Why does traditional DLP fail to stop shadow AI data exposure?

Traditional DLP was built to inspect email, endpoint file movement, and sanctioned SaaS APIs. It generally cannot see a clipboard paste into a web text box on an unmanaged personal account inside a browser tab. Since LayerX found 82% of GenAI pastes come from personal accounts, the majority of the exposure happens precisely where legacy DLP has no visibility. See our breakdown in why traditional DLP fails for AI agents.

Is shadow AI worse with autonomous agents and MCP servers?

Yes, the exposure compounds. A human paste is a single, slow, manual event; an autonomous agent or MCP server can read and transmit private data programmatically, at machine speed, across many systems. Simon Willison's lethal trifecta, the combination of private-data access, exposure to untrusted content, and an external communication path, describes how an injected instruction can turn a helpful agent into an exfiltration tool without any human in the loop.

What should a CISO do first about shadow AI?

Start with discovery, not blocking. You cannot write policy, tune DLP, or run an incident response against tools you cannot see. Build an inventory of which AI tools, agents, and MCP servers are actually in use across the fleet, including personal-account access, then layer monitoring and enforcement on top.
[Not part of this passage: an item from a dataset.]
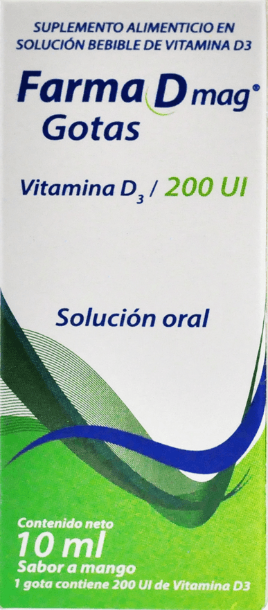 PRINCIPIO ACTIVO: Este suplemento contiene FarmaDmag® Vitamina D3 (Colecalciferol), presentado en un gotero de 10 ml donde cada gota aporta 200 UI de Vitamina D3. INDICACIONES: Es un suplemento alimenticio coadyuvante en patologías asociadas a la hipovitaminosis D, indicado para pacientes con aporte inadecuado, déficit o insuficiencia de Vitamina D, con problemas osteomusculares, mujeres en etapa de gestación, tratamientos de fertilidad, personas con riesgo cardio-metabólico (hipertensión, diabetes, obesidad, síndrome metabólico), interacciones medicamentosas (corticoides, anticonvulsivantes), síndromes malabsortivos (enfermedad inflamatoria intestinal, cirugía bariátrica), como inmunomodulador, en casos de raquitismo y problemas de nutrición. ESPECIFICACIONES (POSOLOGÍA/DOSIFICACIÓN): Para niños, la posología es de 400 UI (2 gotas) a 600 UI (3 gotas) al día o según el criterio médico. CONTRAINDICACIONES: El producto está contraindicado en casos de hipersensibilidad a sus componentes, hipercalcemia, hipercalciuria, nefrolitiasis, hipervitaminosis D y calcificaciones de tejidos (nefrocalcinosis). EFECTOS ADVERSOS / ADVERTENCIAS: Durante el embarazo o lactancia, se debe consultar al médico antes de su uso. No debe usarse si se presentan o se presentaron cálculos renales. No exceda la dosis recomendada y manténgase fuera del alcance de los niños.

Anomity exists to provide that visibility layer for both human GenAI use and the autonomous agent and MCP layer behind it.

How common is it for breached organizations to lack AI governance?

Very common. IBM found that 63% of breached organizations either had no AI governance policy or were still building one, and that among organizations reporting breaches of AI models or applications, 97% lacked proper AI access controls. The data points to a widespread gap between AI adoption and the controls needed to govern it.